▶ Task item
With the pictures excluded, reproduce all of the data exactly.
*** Recorded data
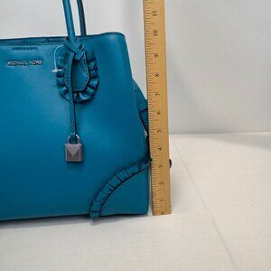 Michael Kors purse, blue handbag, leather tote bag, ruffled purse, crossbody bag, structured handbag, adjustable strap bag, designer handbag, leather bag, women's purse, zipper closure bag, durable tote, stylish bag, teal, birthday, gift,
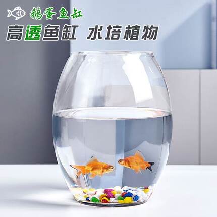 创意水族箱生态圆形玻璃金鱼缸 大号乌龟缸 迷你小型造景鹅蛋鱼缸
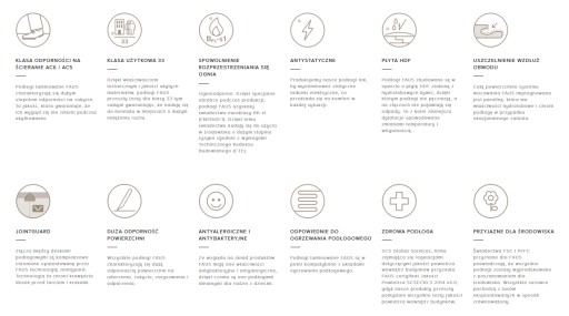 - Odporność ogniowa - podłogi FAUS mają świadectwo euroklasy Bfl-s1 (EN13501-1).
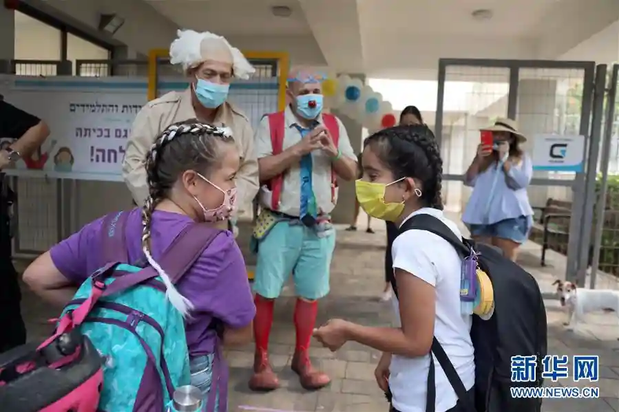 这是9月1日在以色列中部城市特拉维夫一所小学外拍摄的佩戴口罩的学生。以色列中小学的新学年于9月1日开始,低年级(1至4年级)进行小班教学,中高年级(5至12年级)则主要是远程在线学习。新华社/基尼图片社
******
▶ Task answer
 Michael Kors purse, blue handbag, leather tote bag, ruffled purse, crossbody bag, structured handbag, adjustable strap bag, designer handbag, leather bag, women's purse, zipper closure bag, durable tote, stylish bag, teal, birthday, gift,
 创意水族箱生态圆形玻璃金鱼缸 大号乌龟缸 迷你小型造景鹅蛋鱼缸
 - Odporność ogniowa - podłogi FAUS mają świadectwo euroklasy Bfl-s1 (EN13501-1).
 这是9月1日在以色列中部城市特拉维夫一所小学外拍摄的佩戴口罩的学生。以色列中小学的新学年于9月1日开始,低年级(1至4年级)进行小班教学,中高年级(5至12年级)则主要是远程在线学习。新华社/基尼图片社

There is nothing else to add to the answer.